• WHAT YOU SHOULD DO: The full listing, exactly as written and with no images, is the expected output.

• SUPPLIED INFORMATION:
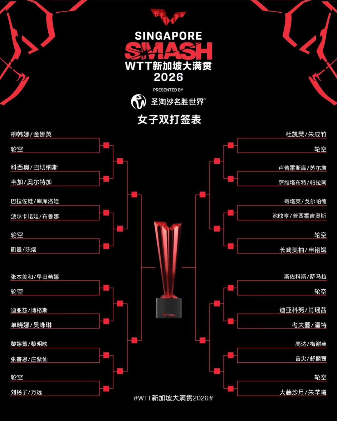 WTT新加坡大满贯于2月19日至3月1日举行。女双正赛抽签结果已经揭晓,中国队只派出一组合参赛,蒯曼/陈熠位列上半区。
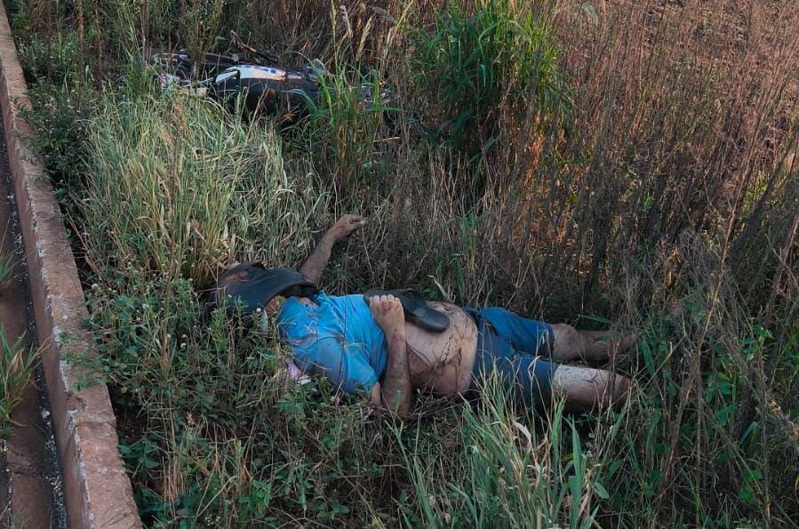 Um motociclista ainda não identificado foi encontrado caído por populares na madrugada deste domingo (8) em uma via de acesso ao Rodoanel de Ponta Porã.
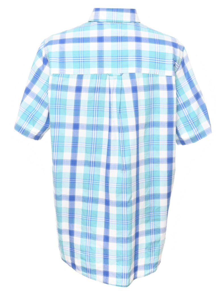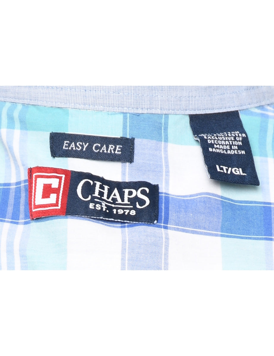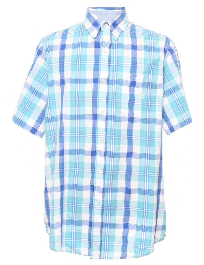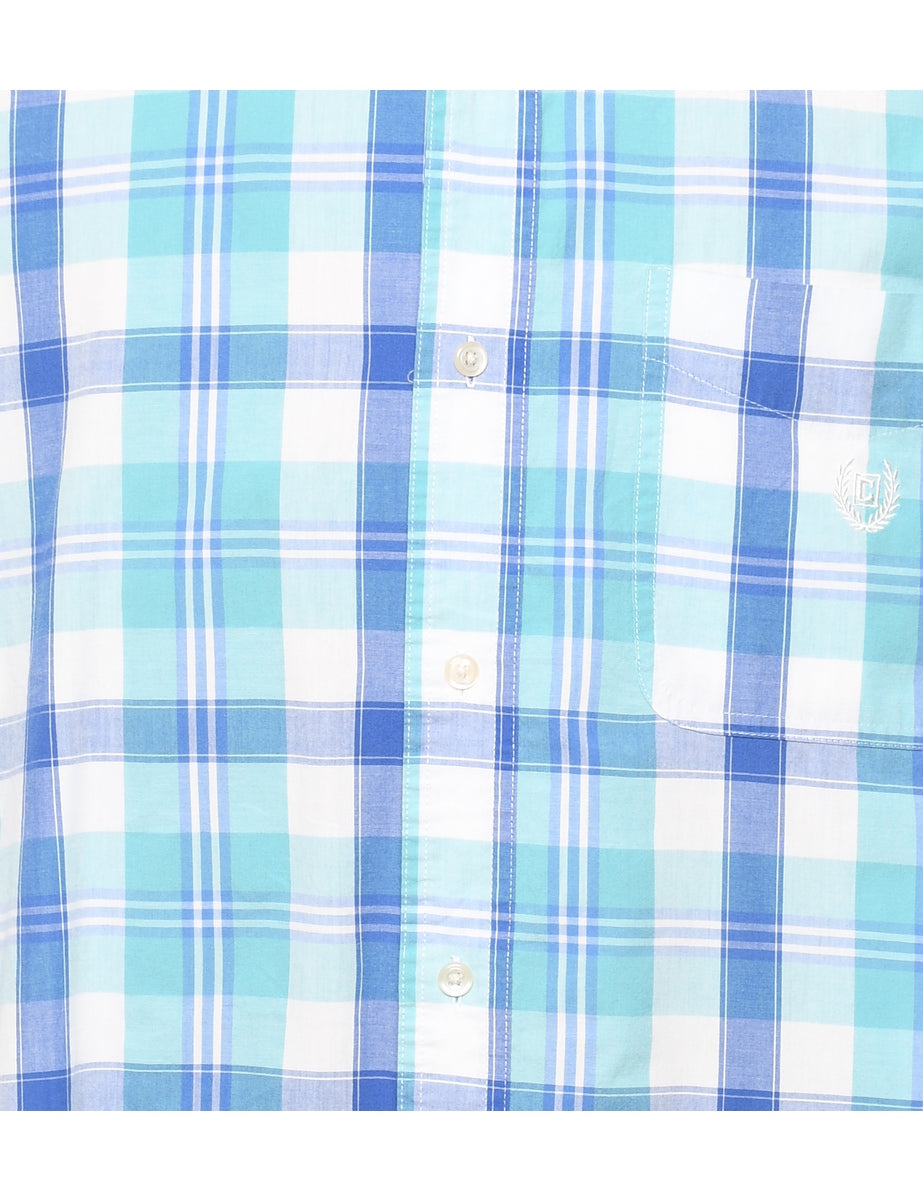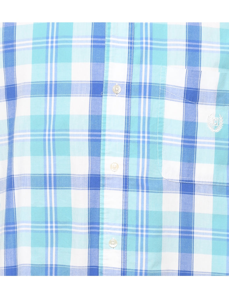 Short sleeve checked shirt in blue & white with one pocket. From the brand Chaps.

• RESPONSE FOR THIS EXERCISE:
 WTT新加坡大满贯于2月19日至3月1日举行。女双正赛抽签结果已经揭晓,中国队只派出一组合参赛,蒯曼/陈熠位列上半区。
 Um motociclista ainda não identificado foi encontrado caído por populares na madrugada deste domingo (8) em uma via de acesso ao Rodoanel de Ponta Porã.
 Short sleeve checked shirt in blue & white with one pocket. From the brand Chaps.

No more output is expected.